The existing blood test does not detect EPO itself but its effects on red blood cells and their density, which can be considered unfair as some individuals have a naturally high volume of red blood cells or alternatively, could achieve a higher haematocrit by training at altitude. The urine test detects the artificial recombinant human erythropoietin using immunoblotting. The main issue with this technique is the short half-life of EPO, of only 3-4 days after the administration, making it inefficient as a detecting technique. In conclusion, the existing approaches to EPO testing are not accurate and lead to illicit practices but novel molecular profiling techniques could soon put an end to EPO doping (Lundby et al, 2012).
Maximal uptake limitations
The second part of the discussion laboratory analyses maximum oxygen uptake and its limiting factors. The main ones refer to cardiac output and skeletal muscle limitations. Maximal cardiac output is thought to be of paramount importance when it comes to VO2 max differences as there is little variation in maximal heart rate and oxygen extraction. During exercise there is a small amount of oxygen to be extracted from the blood which suggests that blood flow increase is the only improvement to be made when exercising.

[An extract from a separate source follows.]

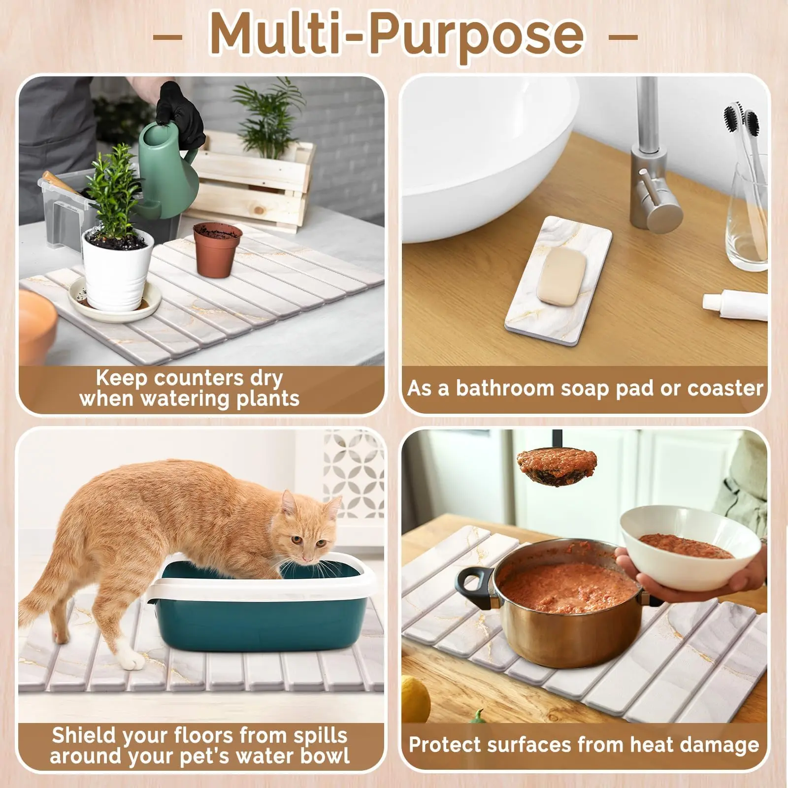 ·【Wide application】Collapsible stone dish drying mat helps maintain a clean kitchen, ensuring your surfaces stay neat and fresh. The large stone drying mat acts also as a heat-resistant mat, protecting countertops from hot pots and pans. kitchen drying mat also doubles as a bath mat, plant saucer, or pet feeding mat, offering flexibility for various home uses.

Furthermore, previous literature has shown that maximum oxygen uptake is also limited by oxygen carrying capacity, so increasing the haematocrit by blood doping would result in a higher haemoglobin content so therefore an increased oxygen carrying capacity (Basett, 2000). From the skeletal muscle point of view, researchers have discovered that oxygen diffuses between the surface of the red blood cell and the sarcolemma where the pressure of oxygen significantly lowers. However, the experiment was performed on canine skeletal muscle so it is hard to determine if these findings apply to human performance. To conclude, the limiting factors of oxygen uptake have several causes but oxygen carrying capacity seems to be the most significant.